Date:30 December 2020 Author: Kyro Mitchell

A Japanese company called Sumitomo Forestry has teamed up with researchers from Kyoto University to develop the world’s first wooden satellites by 2023. This comes after the number of satellites being put into orbit have substantially increased over the last few years, causing concern amongst researchers and scientists about how much space junk will eventually accumulate around the Earth.

The reason wood has chosen as the ideal material is because it would burn up upon returning to the Earth without releasing harmful substances into the atmosphere. According to Takao Doi, a professor at Kyoto University and Japanese astronaut who spoke to the BBC, when conventional satellites re-enter the Earth’s atmosphere they burn up and create tiny alumina particles that float in the upper atmosphere for many years. These particles could potentially have a detrimental effect on the earth’s environment.
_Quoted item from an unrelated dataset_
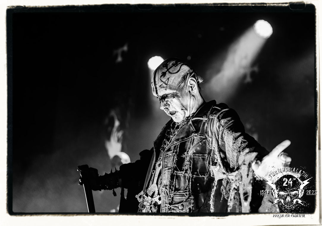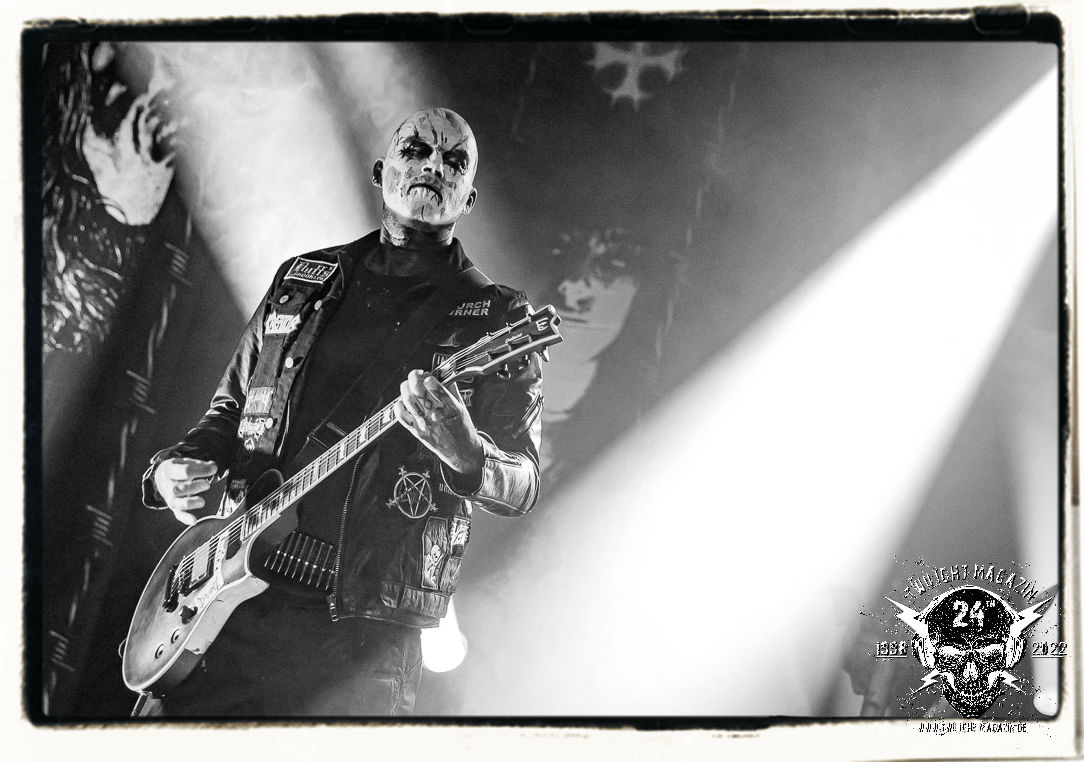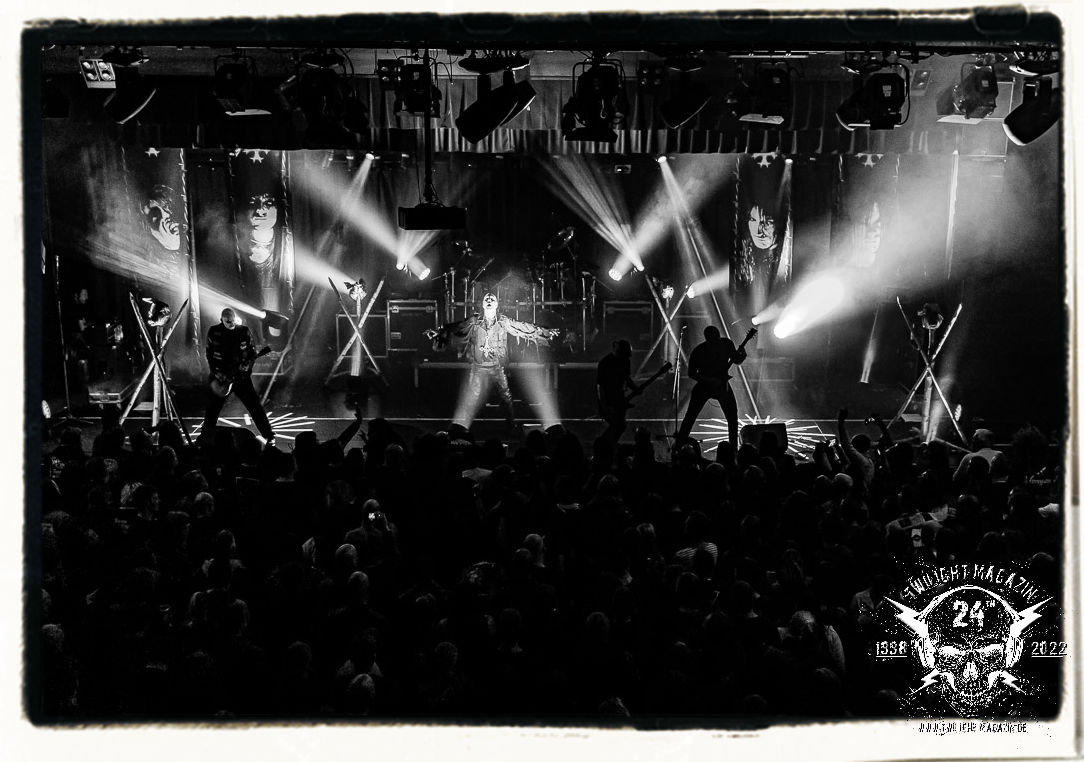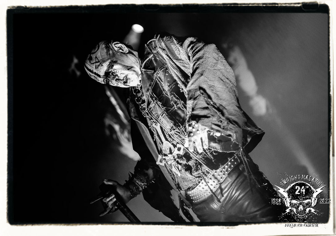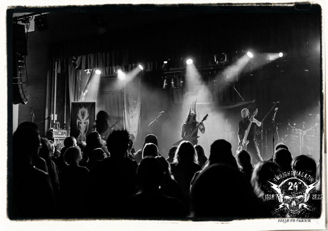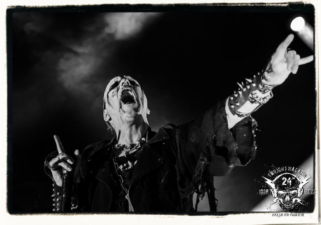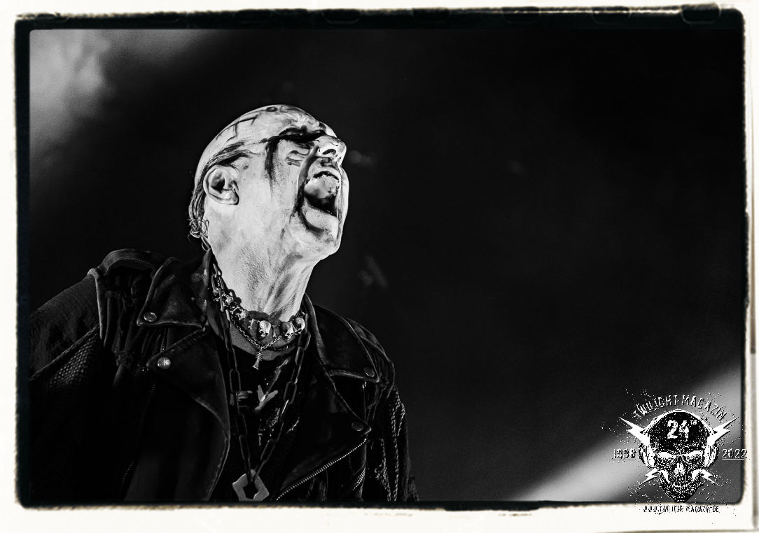 Die einstimmenden Klangkollagen gipfeln schließlich im Percussion-Intro "Silvester Anfang", welches nicht nur die "Deathcrush"-EP von 1987, sondern auch den Beginn des Konzertes einleitet. Endlich betreten Hellhammer, Necrobutcher, die beiden Gitarristen Teloch und Ghul sowie schließlich Sänger Attila Csihar die Bühne. Die Frage nach der Setlist stellt sich zunächst nicht. "Deathcrush", "Necrolust", "Funeral Fog", "Freezing Moon", bei dem die ursprüngliche "When it´s cold, when it´s dark..."-Ansage von Dead eingespielt wird, "Carnage", "Buried By Time And Dust", "Pagan Fears", "Chainsaw Gutsfuck" und schließlich das finale "Pure Fucking Armageddon" entsprechen den Songs, die MAYHEM im November 1990 mit Øystein Aarseth und Per Yngwe Ohlin alias Euronymous und Dead im Eiskeller zu Leipzig spielten. Bassist Necrobutcher lässt es sich nicht nehmen, seine ebenfalls auf dem Live-Album konservierte und seinerzeit der Irritation über die verhaltenen Publikums-Reaktionen geschuldete "Are you dead?"-Ansage noch einmal zu zelebrieren, um danach "Carnage" anzukündigen. Darüber hinaus verzichten MAYHEM glücklicherweise auf überflüssigen Firlefanz, sondern lassen die Musik sprechen. Und so zeichnen sie ein historisches Konzert und den Weg einer Band nach, die in den späten Achtzigern aus dem Death Metal - Underground kam und in der Entwicklung der Protagonisten und Musik schließlich im Black Metal Maßstäbe setzte. "Live in Leipzig" ist aus meiner Sicht auch gerade deshalb so bedeutend, weil es MAYHEM ungefiltert an der Schwelle zwischen den noch deutlich vom extremen Metal der Achtziger geprägten Frühphase in der Entwicklung zu dem Ausdruck zeigt, der schließlich mit dem 1994 veröffentlichten Meilenstein "De Mysteriis Dom Sathanas" nach dem Tod von Euronymous 1993 gipfelte und eine Ära der Band beendete. Natürlich ist das Format 2022 ein anderes und die Band um die verbliebene Rythmus-Sektion Hellhammber/Necrobutcher gewisserweise eine andere. Doch MAYHEM zelebrieren ihr Erbe tatsächlich würdevoll. Die Show ist nicht so chaotisch und abgefuckt, wie auf dem Party.San, was jedoch einer Doku zum Gig geschuldet sein könnte, die zum Revival parallel gedreht wird, und ich würde auch nicht ausschließen wollen dass auch dieser Abend in Leipzig seinen Weg auf einen Tonträger finden wird. Hellhammer ist wie meistens in der Dunkelheit bzw. im dezenten Licht hinter seinem Schlagzeug kaum zu sehen, dafür ist seine Präsenz in beeindruckender Weise zu hören. Attila, seit "De Mysteriis Dom Sathanas" über "Ordo ad Chao" (2007) bis heute wie sein Vorgänger Dead und Nachfolger Maniac untrennbar mit MAYHEM verbunden, beschränkt sich auf sein Organ und seine Fähigkeiten als Hohepriester blasphemischer Gesten und Symbolik. Die beiden Gitarristen Teloch und Ghul sind mittlerweile schon rund zehn Jahre dabei und verkörpern die Fähigkeit der Band, sich immer wieder neu zu erfinden. Sie sorgen für einen dichten Gitarrenteppich. Dabei treten sie nach außen ziemlich gegensätzlich in Erscheinung, der Norweger Teloch mit Corpsepaint wirkt extrem grimmig, die Les Paul-Adaption lässig tief hängend, der Brite Ghul ungeschminkt, durchtrainiert, die Gitarre dabei unter der Brust. Posieren können sie jedoch beide. Und Necrobutcher ist Necrobutcher, zuständig für Bass, Wein und "Kommunikation" mit dem Publikum.

The process of developing wooden satellites will start by experimenting with a variety of different wood types in some of the earth’s most extreme environments. The next stage will see the partners develop an engineering model of the wooden satellite, before developing a flight model of the satellite.

The exact type of wood Sumitomo Forestry will be using is being kept as a close secret, but the company did say the wood it will use will be highly resistant to temperature changes and sunlight.

According to the World Economic Forum (WEF), there are nearly 6,000 satellites circling our planet, with 60% of them regraded as defunct (space junk) and only 40% are operational. Even more concerning, WEF believes that by 2028, there could be as many as15,000 satellites in orbit.